STORED DATA:
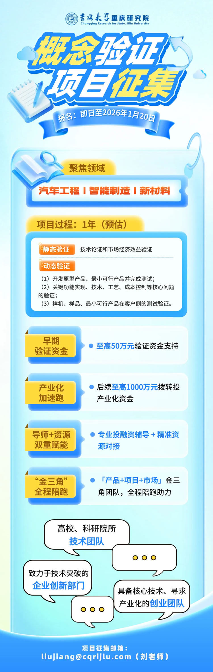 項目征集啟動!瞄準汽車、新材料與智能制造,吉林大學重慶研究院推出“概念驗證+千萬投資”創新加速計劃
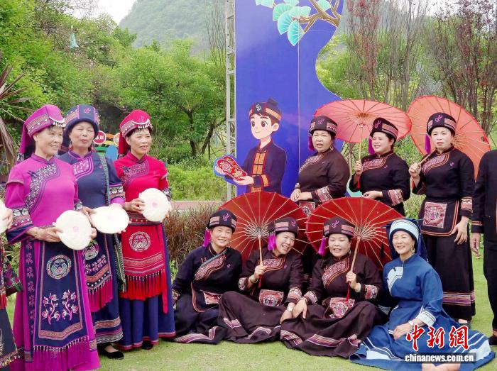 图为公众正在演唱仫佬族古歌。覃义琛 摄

==

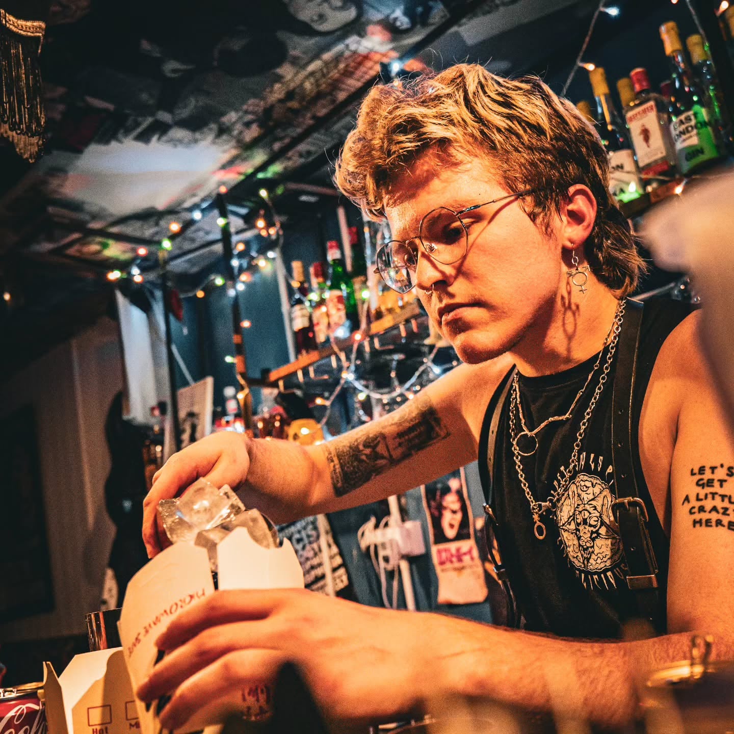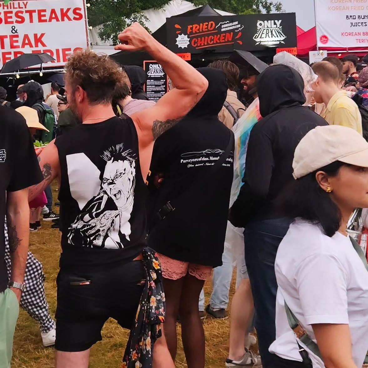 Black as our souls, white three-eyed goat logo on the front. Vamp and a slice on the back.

ACTIVITY: From the data above, return only the lines starting at the line that holds "項目征集啟動!瞄準汽車、新材" and ending at the line that holds "图为公众正在演唱仫佬族古歌。覃义琛 摄", word for word and without pictures.

TASK ANSWER:
 項目征集啟動!瞄準汽車、新材料與智能制造,吉林大學重慶研究院推出“概念驗證+千萬投資”創新加速計劃
 图为公众正在演唱仫佬族古歌。覃义琛 摄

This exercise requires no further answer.